Personal information
- Full name: Thomas Brown
- Born: 14 June 1848 Bingham, Nottinghamshire, England
- Died: 2 July 1919 (aged 71) Netherfield, Nottinghamshire, England
- Batting: Right-handed
- Bowling: Right-arm medium
- Relations: John Brown (brother)

Domestic team information
- 1881: Nottinghamshire

Career statistics
| Competition | First-class |
| Matches | 4 |
| Runs scored | 118 |
| Batting average | 16.85 |
| 100s/50s | –/1 |
| Top score | 74 |
| Balls bowled | 76 |
| Wickets | – |
| Bowling average | – |
| 5 wickets in innings | – |
| 10 wickets in match | – |
| Best bowling | – |
| Catches/stumpings | –/– |
- Source: Cricinfo, 20 February 2013

= Thomas Brown (cricketer, born 1848) =

English cricketer

Thomas Brown (14 June 1848 – 2 July 1919) was an English cricketer. Brown was a right-handed batsman who bowled right-arm medium pace. He was born at Bingham, Nottinghamshire.

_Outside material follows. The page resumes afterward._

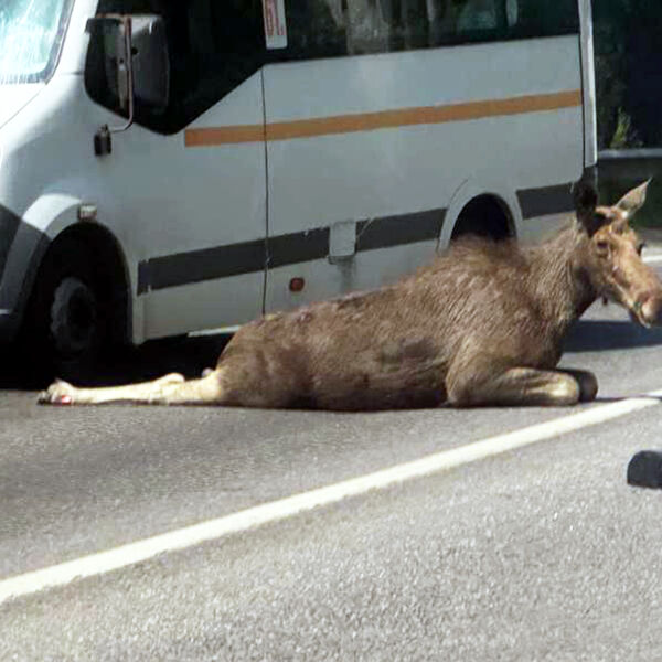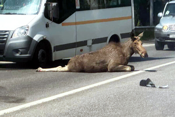 22 мая в Петербурге автомобиль сбил лосиху, которая шла с двумя малышами, и это попало на видео. На кадрах видно, как лось бежит по дороге, перепрыгивает дорожное ограждение, после чего его сбивает проезжающий автомобиль. От удара животное падает, но быстро встает и убегает. Далее на записи видно, как мужчина делает животному укол снотворного.

Brown made his first-class debut for Nottinghamshire against Lancashire at Old Trafford in 1881. He made three further first-class appearances for the county in that season, against Middlesex, Surrey and Yorkshire. In his four first-class matches, Brown scored a total of 118 runs at an average of 16.85, with a high score of 74. This score came against Surrey.

He died at Netherfield, Nottinghamshire on 2 July 1919. His brother John also played first-class cricket.